But there are already enough uninvited miseries in the world – no need to invite any more. Already much misery is available – one should start experimenting with it. Miseries come uninvited anyway. If, during the uninvited misery, one can maintain the awareness that “I am separate from my suffering” then the suffering becomes a sadhana, a spiritual discipline.
One will have to continue this sadhana even with happiness that has come on its own. In suffering, it is possible we may succeed in deceiving ourselves because one would like to believe that “I am not pain.” But when it comes to happiness, a man wants to identify himself with it because he already believes that “I am happy.” Hence the sadhana is even more difficult with happiness.
Nothing, in fact, is more painful than feeling that we are separate from our happiness. Actually, a man wants to drown himself completely in happiness and forget that he is separate from it. Happiness drowns us; misery disconnects us and sets us apart from the self. Somehow, we come to believe that our identification with suffering is only because we have no other choice, but we welcome happiness with our whole being.
Be aware in the pain which comes your way; be aware in the happiness which comes your way – and occasionally, just as an experiment, be aware in invited pain also because in it things are a little different. We can never fully identify ourselves with anything we invite upon ourselves. The very knowledge that it is an invited thing creates the distance. The guest who comes to your home does not belong there – he is a guest. Similarly, when we invite suffering as our guest, it is already something separate from us.
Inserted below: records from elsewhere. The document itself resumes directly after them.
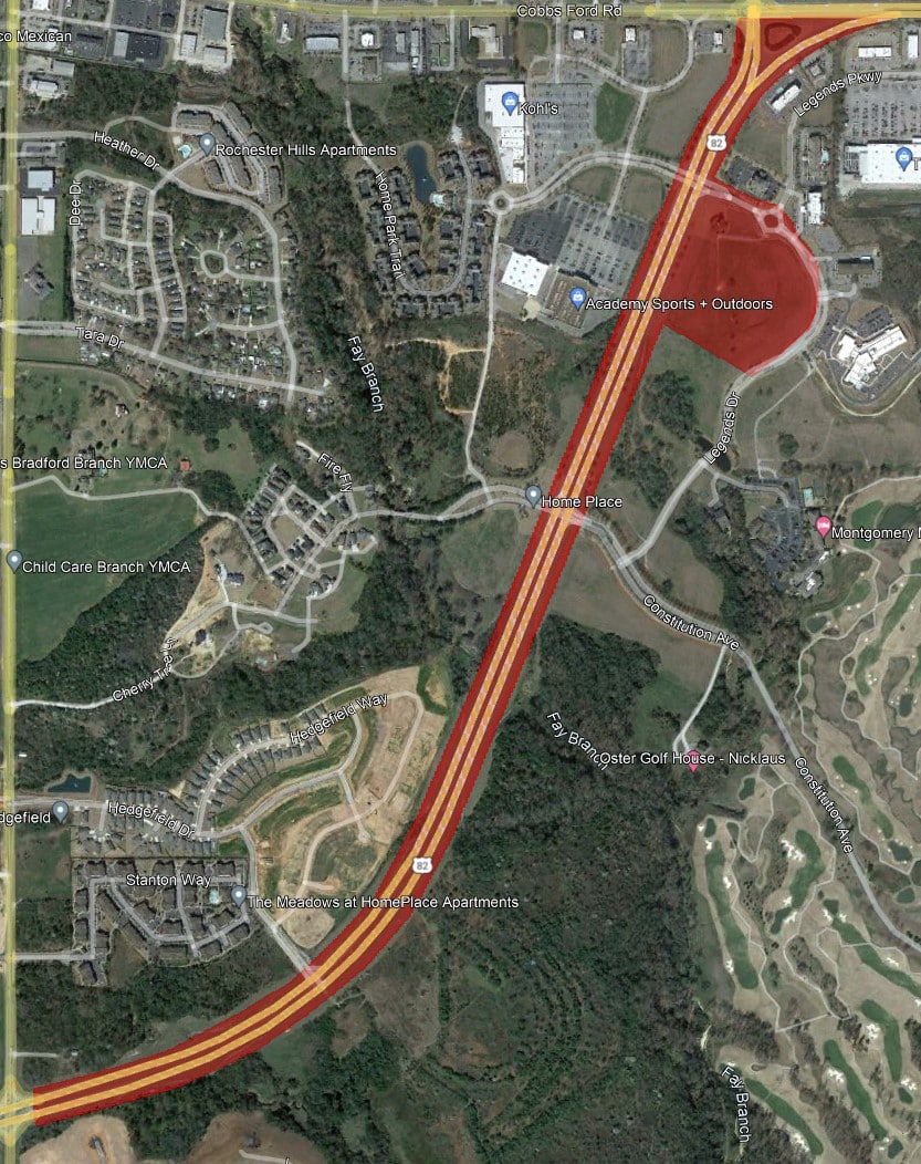 This includes all applicable shoulders and median of HWY 82 East, the Legends Dr./Legends Pkwy. roundabout, and the hill surrounding the Home Place clock tower. THIS ALSO EXTENDS (SHOULDERS AND MEDIAN) ON HWY 82 FROM COBBS FORD ROAD ALL THE WAY TO MCQUEEN SMITH RD!!! (SEE SECOND MAP)
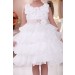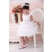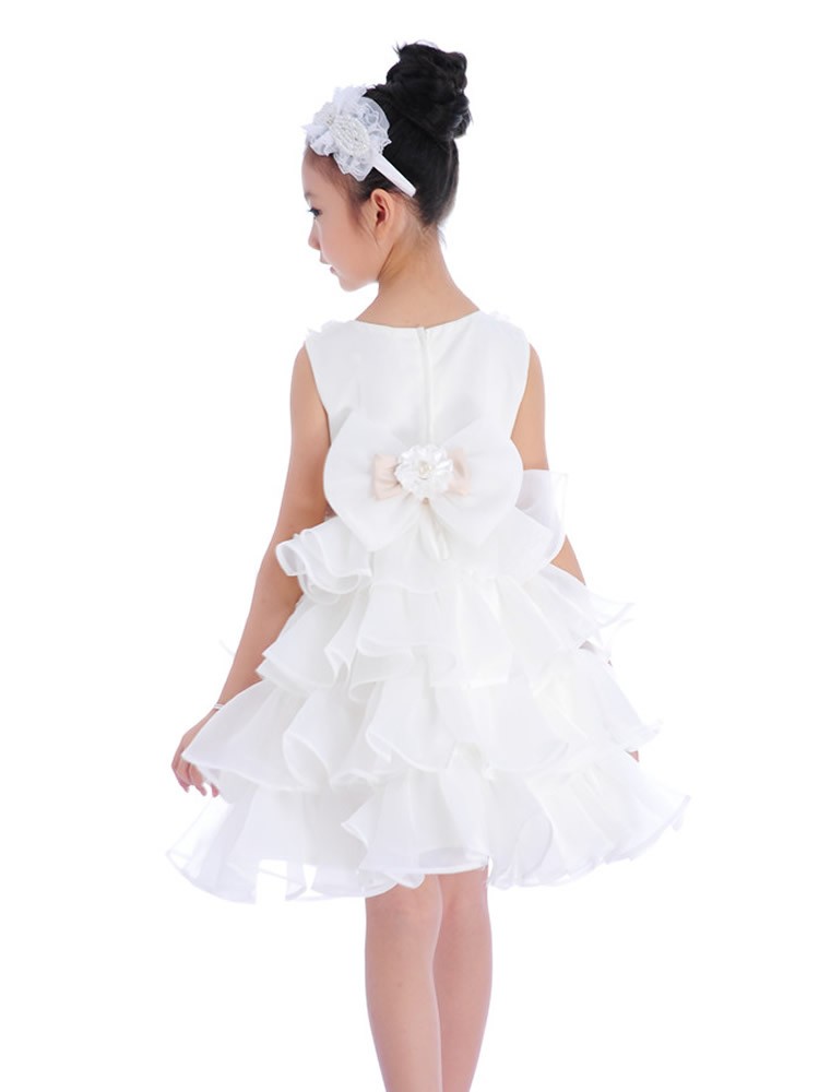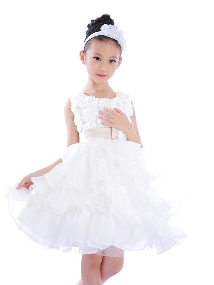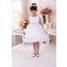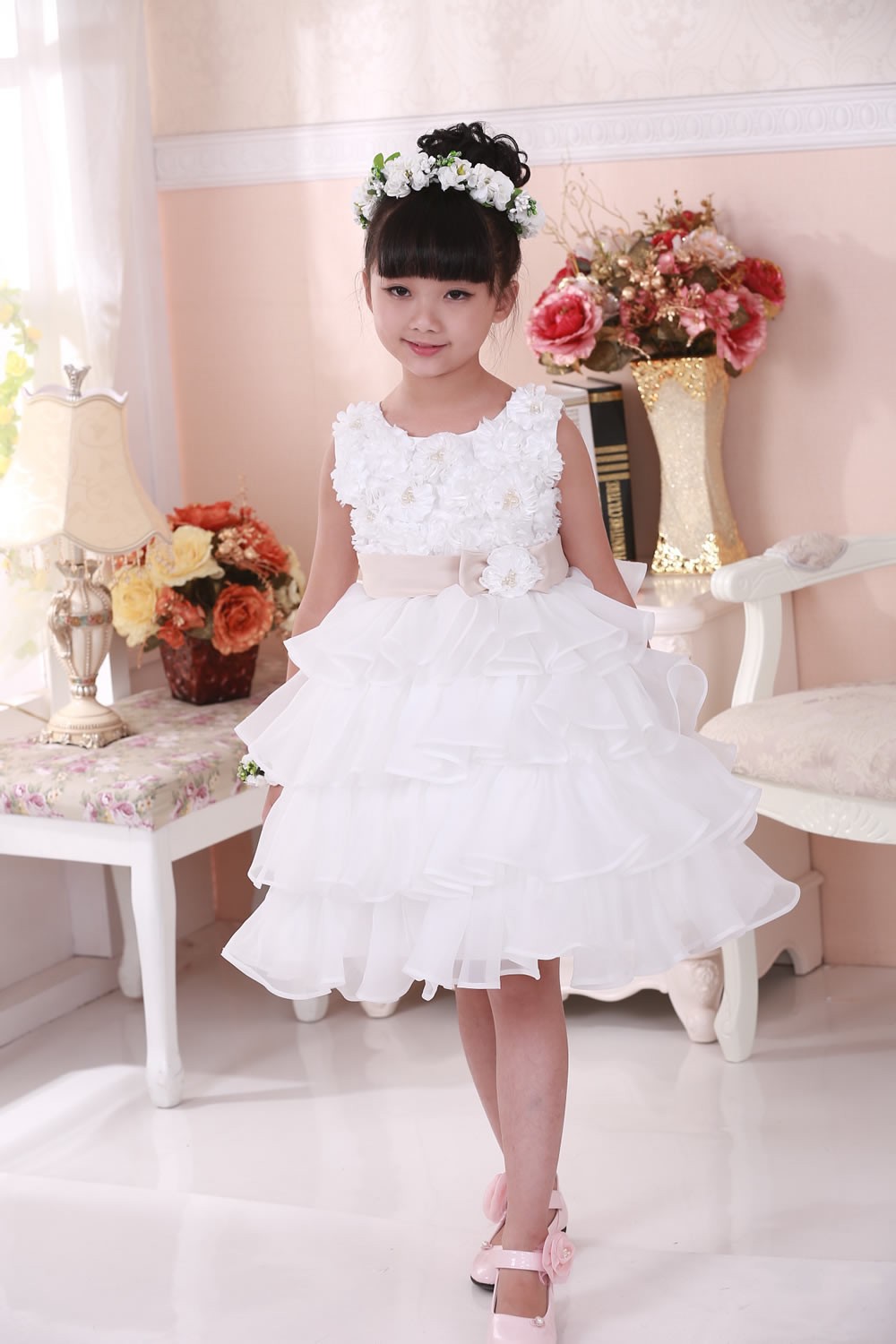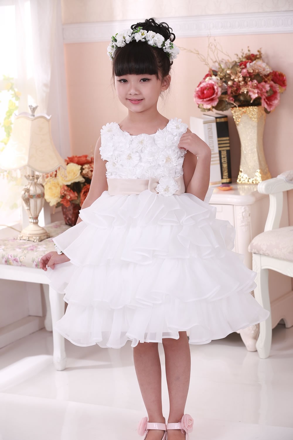Beautiful occasion dress with ruffle skirt, floral top with faux pearls and large bow on the back. The sash is caramel colour not pink as it appears in the photos.
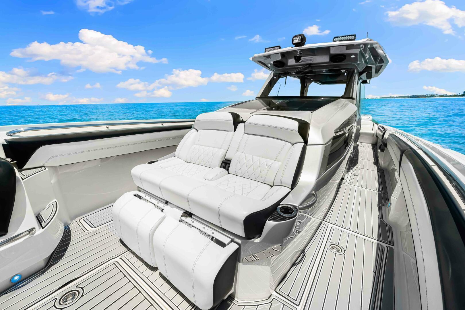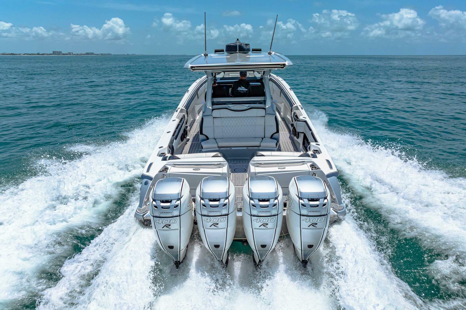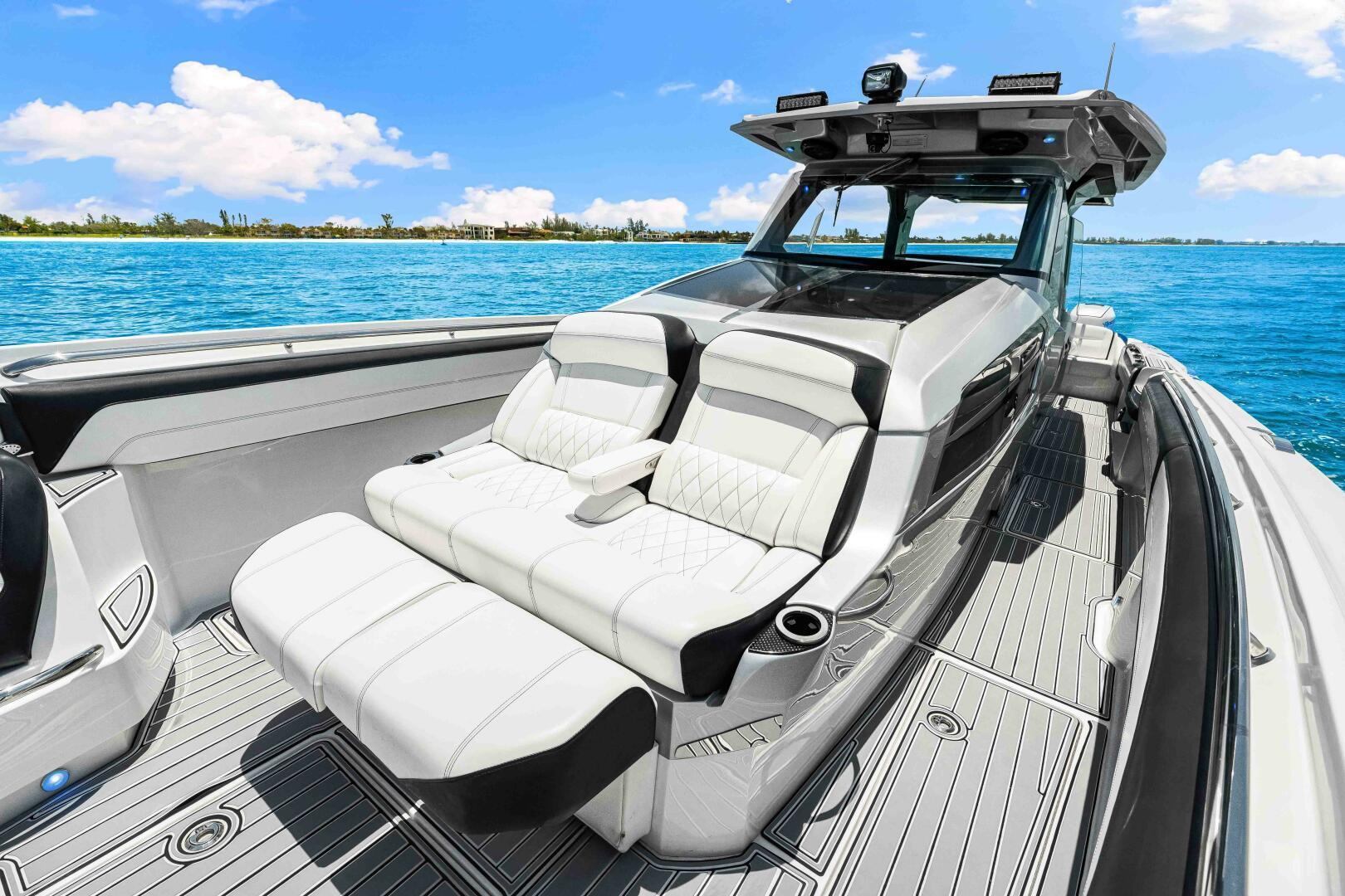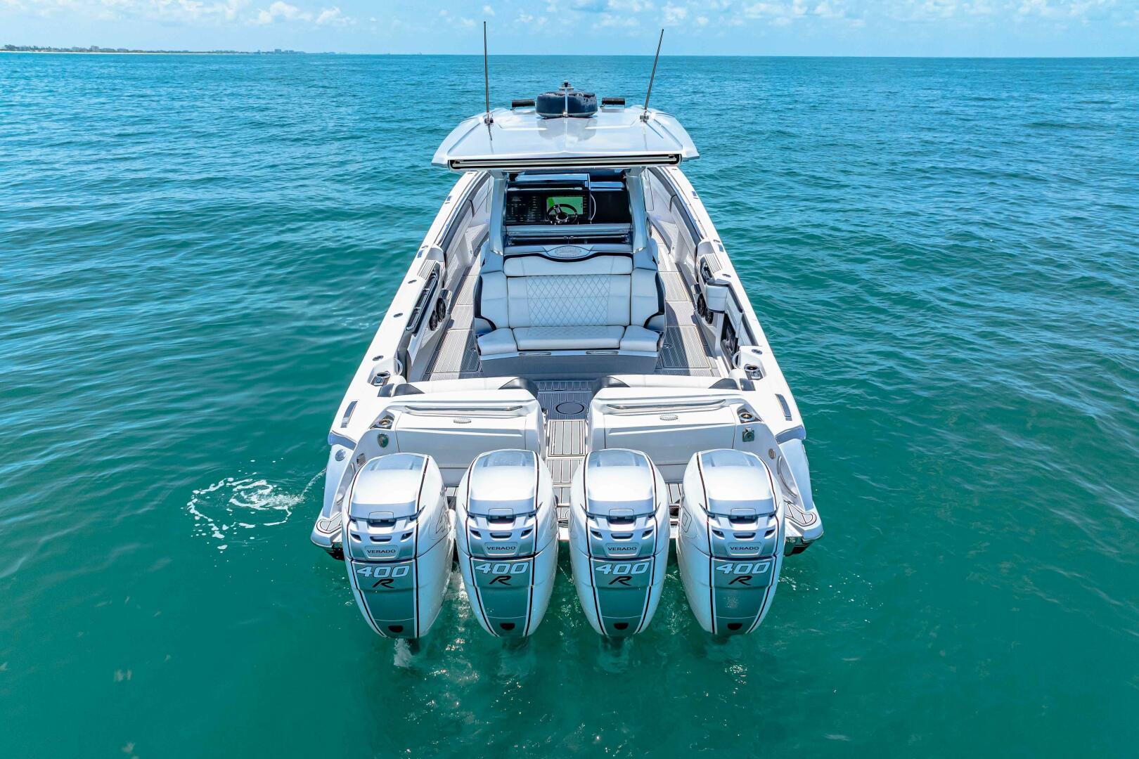 Nor-Tech 450 Sport.The sleek, sweeping lines of this machine are just the start of watching heads turn. The clean, streamlined construction makes this 45-foot boat look even bigger. Everyone will want to be aboard the 450 Sport, and there’s plenty of room and luxurious creature comforts — including a wraparound sofa, Wet Bar, private head with a sink and stand-up shower. The Nor-Tech 450 Sport Center Console is your ultimate hi-performance multi-purpose sporty weekender! Key Features:Twin 22” Garmin display’sBow & Stern ThrusterCold Plate Storage BoxPaint scheme is an elegant Mercedes Iridium Silver with black & white accents Northern Lights Generator (serviced June 2022)
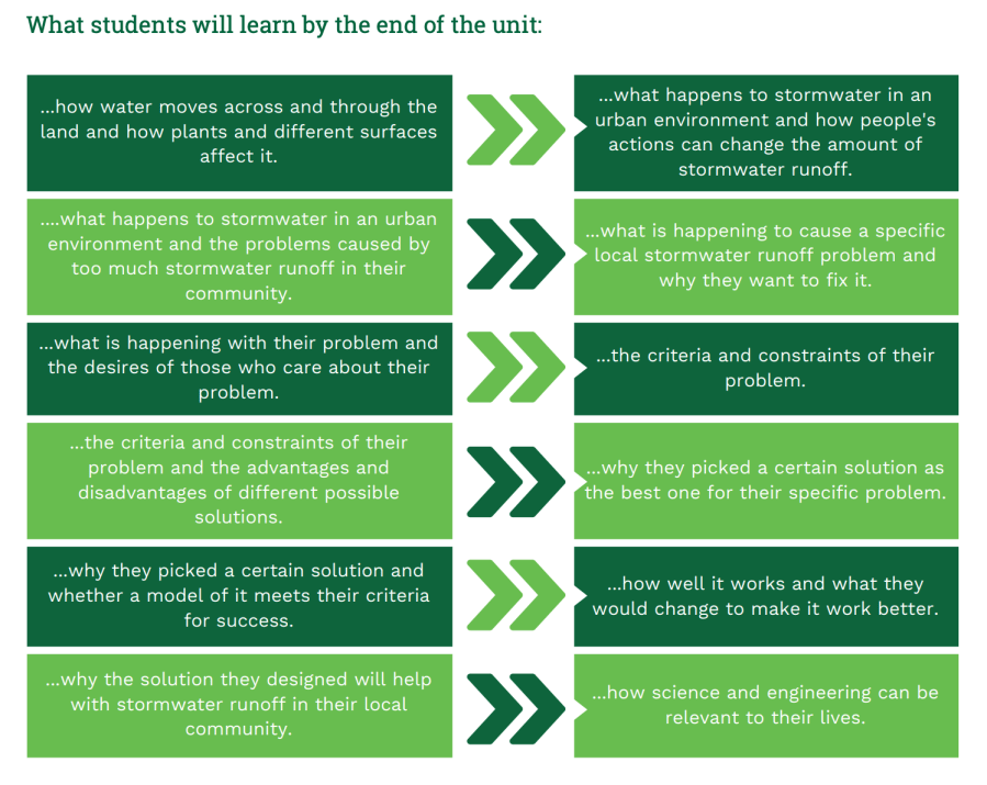 Over the course of the unit, students use science and engineering to understand and develop a solution for a real world stormwater runoff problem in their community. They use experiments and field investigations to build on their understanding of why stormwater can cause flooding in an urban setting. Then they use an Engineering Design Process to come up with a proposal towards solving a specific local stormwater problem.
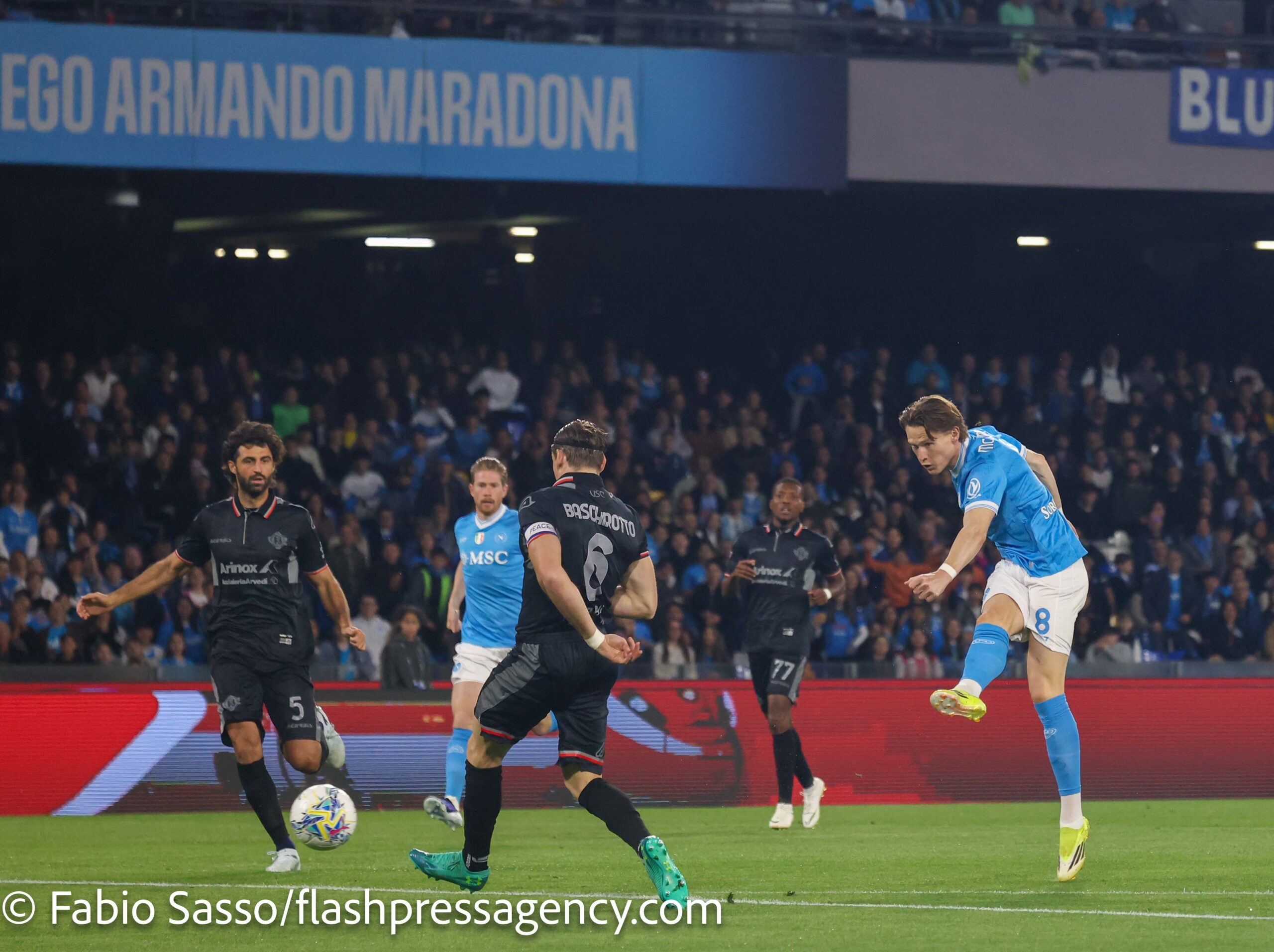 Dopo 6′ dall’inizio della ripresa il Napoli cala il poker. Su una rimessa in gioco con le mani di Milinkovic-Savic parte Alisson che percorre tutto il campo, entra in area di rigore e conclude l’azione con un tiro vincente di destro. Gli allenatori effettuano tutti i cambi a disposizione ma il tema della partita con il predominio nettissimo del Napoli non muta. Gli azzurri sfiorano più volte il quinto gol, soprattutto, ma non solo, con una traversa colpita da Rrahmani con una conclusione di testa e con un calcio di rigore calciato da McTominay al 36′ e parato da Audero dopo un tocco di mano in area di Grassi su conclusione di Giovane.
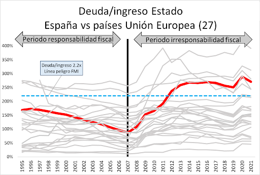 España finaliza el siglo XX e inicia el XXI con niveles de deuda en caída libre, mostrando una responsabilidad envidiable en el manejo de las cuentas públicas (como argumentamos en anteriores artículos, la burbuja inmobiliaria no se deja sentir en las cuentas públicas hasta el año 2003, para ese entonces, la responsabilidad fiscal llevaba años haciéndose sentir).

While walking barefoot a thorn gets into your foot. This is an accident and its pain will be overwhelming. This unfortunate accident is different from when you purposely take a thorn and press it against your foot – knowing every moment that you are piercing the foot with the thorn and watching the pain. I am not asking you to go ahead and torture yourself; as it is, there is enough suffering already – what I mean is: first be alert in going through both suffering and happiness; then later, one day, invite some misery and see how far away from it you can set your consciousness.
Remember, the experiment of inviting misery is of great significance, because everyone wants to invite happiness but no one wants to invite misery. And the interesting thing is that the misery we don’t want comes on its own, and the happiness we seek never comes. Even when it comes by chance, it remains outside our door. The happiness we beckon to never comes, while the happiness we never ask for walks right in. When a person gathers enough strength to invite misery, it means he is so happy that he can invite suffering now. He is so blissful that now there is no difficulty for him to invite suffering. Now misery can be asked to come and stay.